Future minimum rental payments under noncancelable operating leases and capital leases,
net of sublease rentals, with terms of one year or
more, at December 31, 2008 were not material.
At December 31, 2008, there were no material
unrecorded unconditional purchase commitments
or long-term obligations in excess of one year.
At December 31, 2008 and 2007, respectively,
the Bank had commitments of approximately $7
million and $51 million, for the construction of an
employee parking deck at the Richmond Office
and security enhancements throughout the District.
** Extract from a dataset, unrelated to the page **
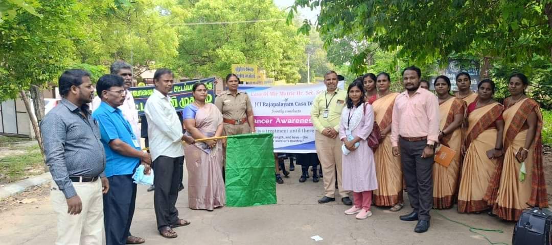 வட்டாட்சியர் அலுவலகம் முதல் பழைய பேருந்து நிலையம் வரை கேசா டி மிர் பள்ளி மற்றும் ஜே.சி.ஐ ராஜபாளையம் இணைந்து தேசிய புற்றுநோய் விழிப்புணர்வு தினத்தை முன்னிட்டு பள்ளி மாணவர்கள் மற்றும் ஆசிரியர்களால் ஊர்வலம் நடத்தப்பட்டது.

Expected payments related to these commitments are $7 million for the year ending
December 31, 2009.
Under the Insurance Agreement of the Federal
Reserve Banks, each of the Reserve Banks has
agreed to bear, on a per incident basis, a pro rata
share of losses in excess of one percent of the
capital paid-in of the claiming Reserve Bank, up
to 50 percent of the total capital paid-in of all Reserve Banks. Losses are borne in the ratio of a Reserve Bank’s capital paid-in to the total capital
paid-in of all Reserve Banks at the beginning of
the calendar year in which the loss is shared. No
claims were outstanding under the agreement at
December 31, 2008 or 2007.
The Bank is involved in certain legal actions and
claims arising in the ordinary course of business.
Although it is difficult to predict the ultimate outcome of these actions, in management’s opinion,
based on discussions with counsel, the aforementioned litigation and claims will be resolved without material adverse effect on the financial
position or results of operations of the Bank.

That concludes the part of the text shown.